Panelists: Barry Siegel, Amy DePaul, Miles Corwin, Erika Hay

“We tell ourselves stories in order to live.” --  Joan Didion

Narrative is at the center of our lives, and human beings are hard-wired for stories.  The telling of stories helps us to understand ourselves, connect with others, form memories, and make sense of our world.  But stories can also divide us, and we are seeing this play out powerfully today in the news, in our communities, and in our social media feeds.  Many are now asking:

• What is a true story, really?
• How do people decipher fiction from fact in this era of online propaganda and fake news?
• How are the tools of storytelling manipulated to skew truth?
• How can we employ narrative technique to communicate truths?
• What is the role of journalistic narrative in a civil society?
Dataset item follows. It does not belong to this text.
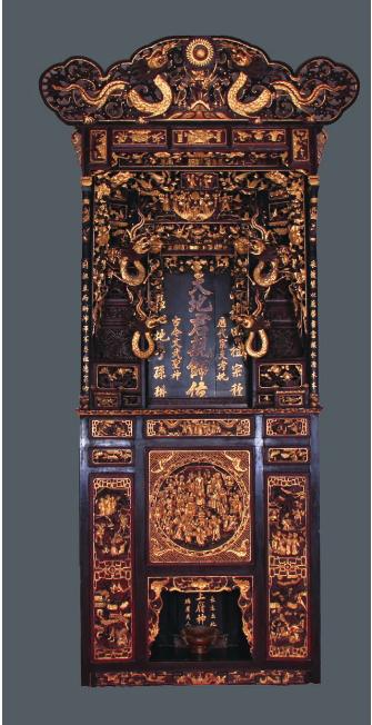 4.满金雕花家神龛。清代文物。1991年征集于原两岔乡人民政府。通高458厘米,宽170厘米,厚67厘米。神龛正中列“天地君亲师”牌位,该家神龛制作于清代晚期,图案内容丰富,结构复杂,雕刻工艺精湛,金漆交错,庄严辉煌,巍峨壮丽。其形象之高大,用金之厚重,雕刻之精美,堪为世间所罕见。神龛为坊楼结构,由座、坊、顶组成,神位立于坊内龛座正中。坊楼内柱盘4条欲腾空翱翔之游龙,外柱饰花罩,挂抱柱匾,右题“采蘋蘩以荐馨香当报水源木本”,左题“列俎豆而酬沛泽不忘祖德宗功”,顶饰二龙抢宝图案。楣板和花板中雕刻了反映忠孝节义、吉祥幸福内容的各种图案,有葡萄藤蔓、全家福、花鸟纹、教子有方图、八仙上寿图、牡丹花鸟图、槐荫送子图和祭祖应天图。龛座神位下方采用高浮雕手法于圆形开光内饰群仙图,雕刻灵宝天尊、道德天尊诸神仙,以及八仙赐福、魁星点斗、刘海戏蟾等神话故事,群仙各具情态、栩栩如生。两旁花板还绘有寓意吉祥的“三阳开泰”图,反映文人学士追求超凡脱俗、清心无为思想的“渔樵耕读”图,有寓意幸福长寿的“贺(鹤)寿(兽)千秋”图,还有“魁星点斗”“三星高照”“白娘子盗仙草”“黛玉葬花”等内容相配。所表达的文化内涵极其丰富,体现了凡事求神、四季平安的世俗思想。国家二级文物,现藏于渝北区文物管理所。

The UC Irvine Literary Journalism Program is perfectly situated to engage these questions by forming a center for narrative here in Orange County.  Building on the historical strengths of the School of Humanities, which is renowned for its expertise in critical theory, creative writing, and literary studies, Literary Journalism’s new Center adds nonfiction storytelling to this esteemed list.  The Literary Journalism Program employs some of the top nonfiction storytellers in the country. We want to better share their insights with the broader campus and public. How can a scientist convey her research to the public in a way that captures the importance of her work? How can a public health worker illuminate a local crisis in a manner that evokes empathy and urgency? How can everyday individuals—students, retirees, schoolteachers, parents—express themselves in ways that engage the public on the issues they are passionate about?  And, most importantly, how can we communicate with each other in a way that contributes to a civil society?   We seek to share our appreciation and excitement for true storytelling with the academy and the public. We also want to offer journalists methods for becoming better storytellers. We want to train members of the media to protect themselves against spin and disinformation campaigns by becoming more careful and thoughtful reporters and writers.  We want to explore and deepen our understanding of the many ways that storytelling is at the heart of what it means to be human, and central to our recognition of human dignity in ourselves and in others.

In the spring of 2019. Literary Journalism secured a donation from UCI alumna Lavonne Smith to fund the first part of an ambitious project, aimed at recognizing the role of stories in our everyday lives.  Smith's gift provides crucial funding for a planned Storytelling Lab, which will form the core of the Center for Storytelling.